• **Given data**:
::::

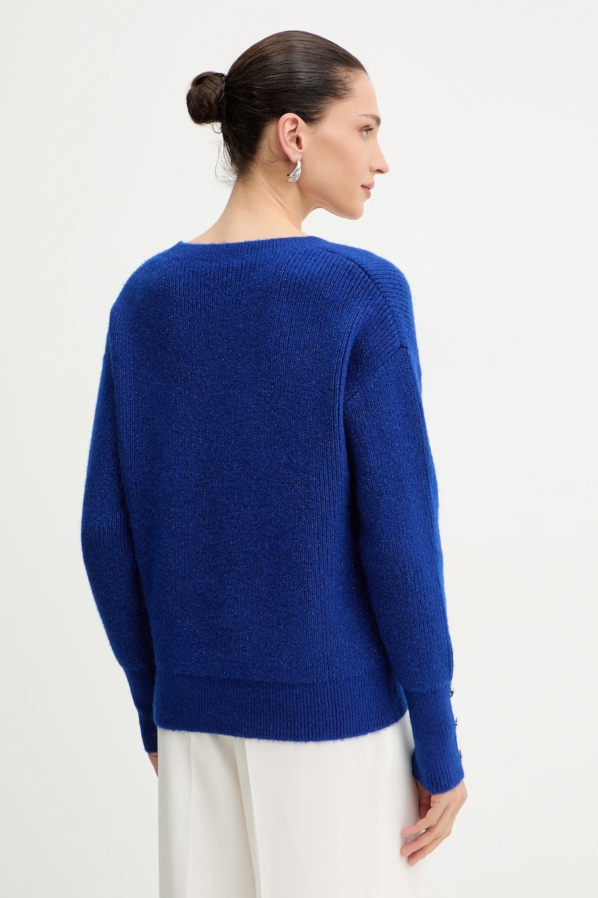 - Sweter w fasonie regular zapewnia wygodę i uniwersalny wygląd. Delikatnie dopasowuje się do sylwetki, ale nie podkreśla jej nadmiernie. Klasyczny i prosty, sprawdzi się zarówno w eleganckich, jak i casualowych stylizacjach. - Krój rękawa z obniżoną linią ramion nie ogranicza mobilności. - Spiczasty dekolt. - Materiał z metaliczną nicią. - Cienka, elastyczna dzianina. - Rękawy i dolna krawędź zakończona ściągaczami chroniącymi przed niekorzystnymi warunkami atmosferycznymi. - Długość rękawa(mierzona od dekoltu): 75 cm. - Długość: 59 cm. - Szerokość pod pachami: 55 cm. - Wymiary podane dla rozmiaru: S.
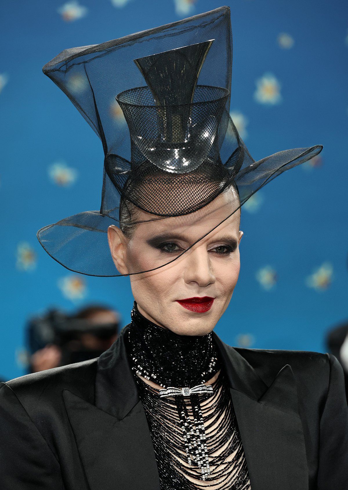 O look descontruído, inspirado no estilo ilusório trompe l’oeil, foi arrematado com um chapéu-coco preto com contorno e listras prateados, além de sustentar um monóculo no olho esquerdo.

::::

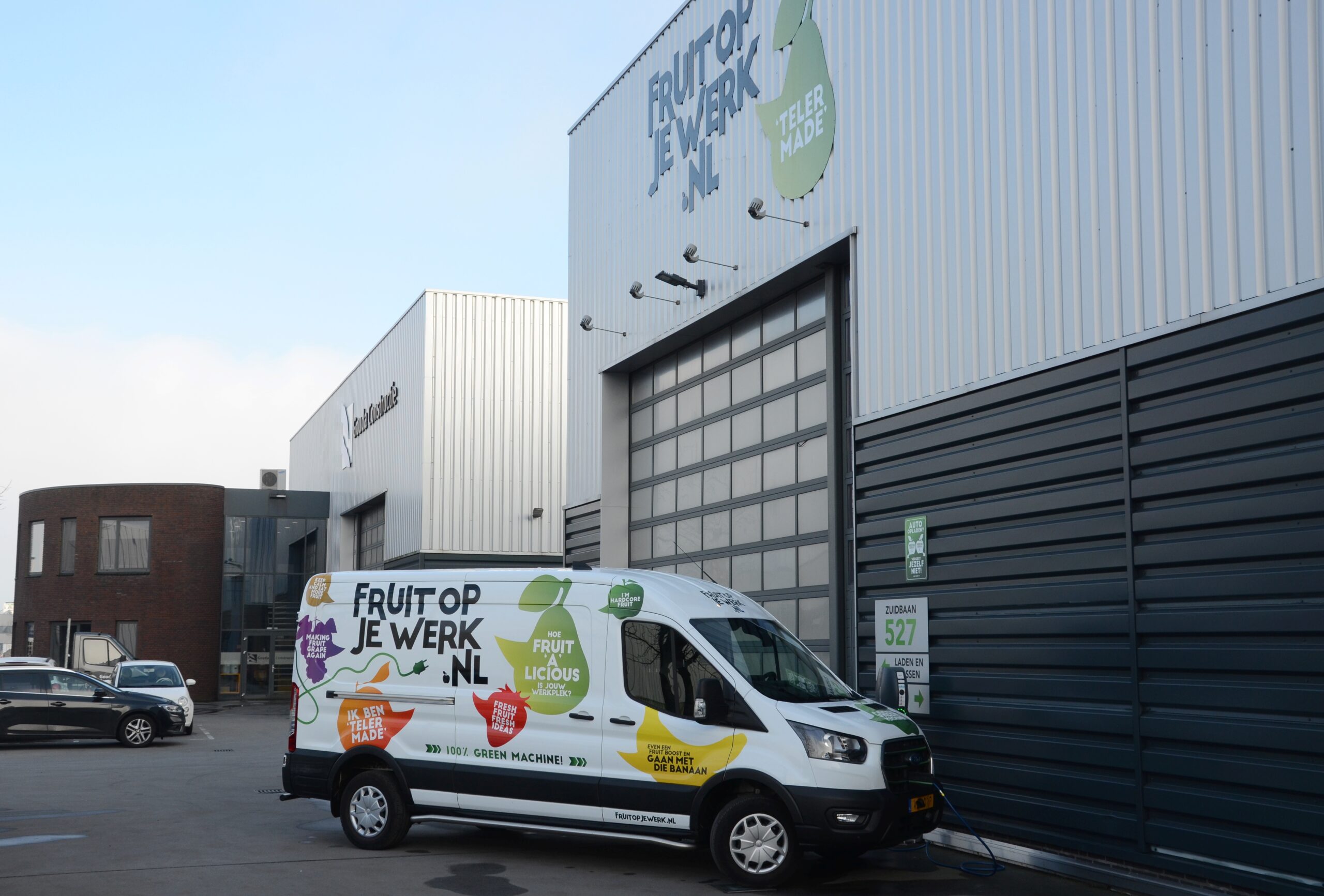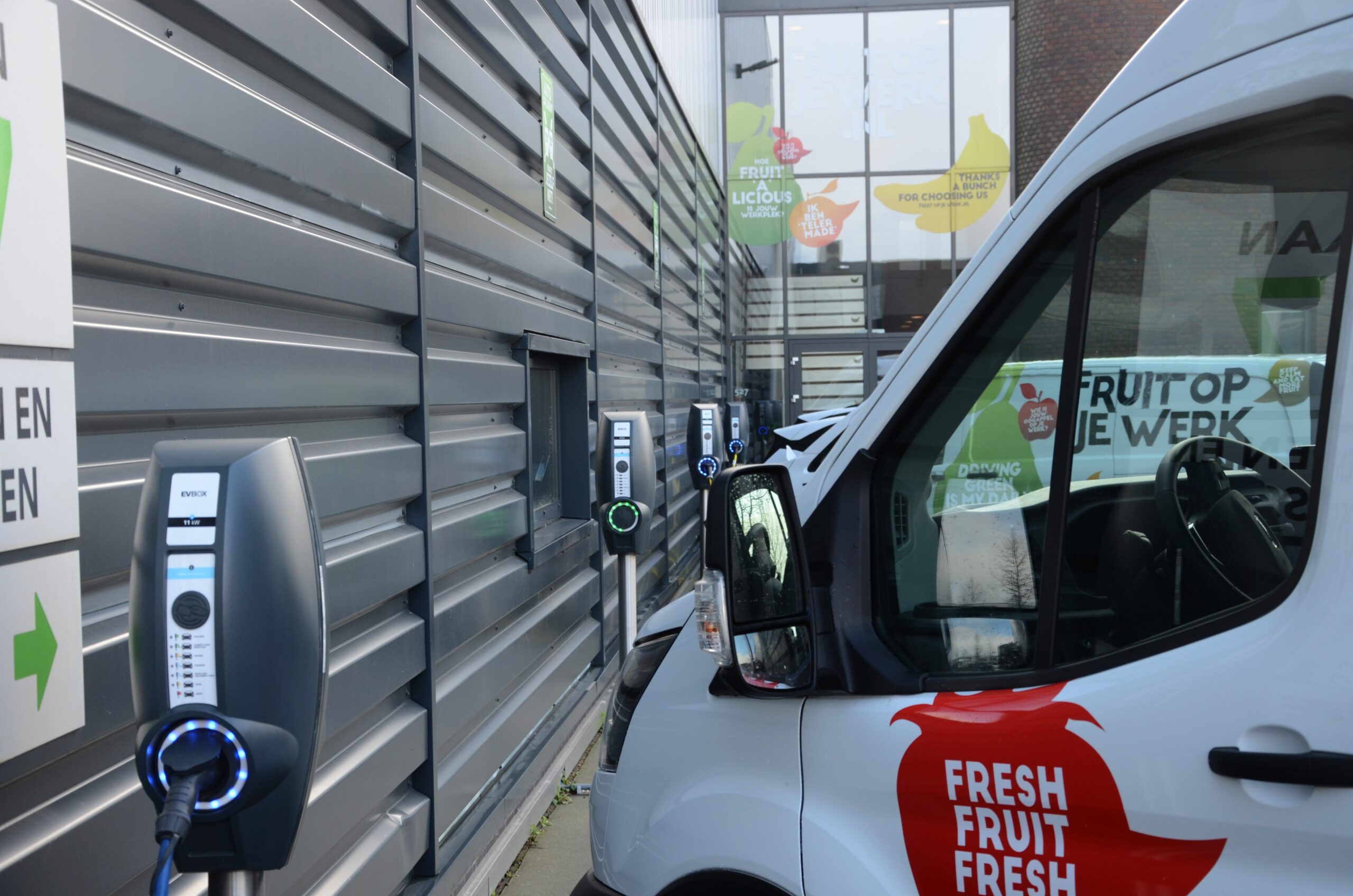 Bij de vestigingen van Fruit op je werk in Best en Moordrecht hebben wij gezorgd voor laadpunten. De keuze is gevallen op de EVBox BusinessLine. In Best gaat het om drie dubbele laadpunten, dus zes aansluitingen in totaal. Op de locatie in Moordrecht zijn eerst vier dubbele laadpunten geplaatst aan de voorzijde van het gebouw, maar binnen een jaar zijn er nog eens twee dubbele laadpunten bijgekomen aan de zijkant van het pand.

::::

• **Instructions for the task**: Everything from the line above that contains "- Sweter w fasonie" down to the line that contains "O look descontruído, inspirado" must be reproduced exactly, both ends included. Omit the pictures.

• **Task output**:
 - Sweter w fasonie regular zapewnia wygodę i uniwersalny wygląd. Delikatnie dopasowuje się do sylwetki, ale nie podkreśla jej nadmiernie. Klasyczny i prosty, sprawdzi się zarówno w eleganckich, jak i casualowych stylizacjach. - Krój rękawa z obniżoną linią ramion nie ogranicza mobilności. - Spiczasty dekolt. - Materiał z metaliczną nicią. - Cienka, elastyczna dzianina. - Rękawy i dolna krawędź zakończona ściągaczami chroniącymi przed niekorzystnymi warunkami atmosferycznymi. - Długość rękawa(mierzona od dekoltu): 75 cm. - Długość: 59 cm. - Szerokość pod pachami: 55 cm. - Wymiary podane dla rozmiaru: S.
 O look descontruído, inspirado no estilo ilusório trompe l’oeil, foi arrematado com um chapéu-coco preto com contorno e listras prateados, além de sustentar um monóculo no olho esquerdo.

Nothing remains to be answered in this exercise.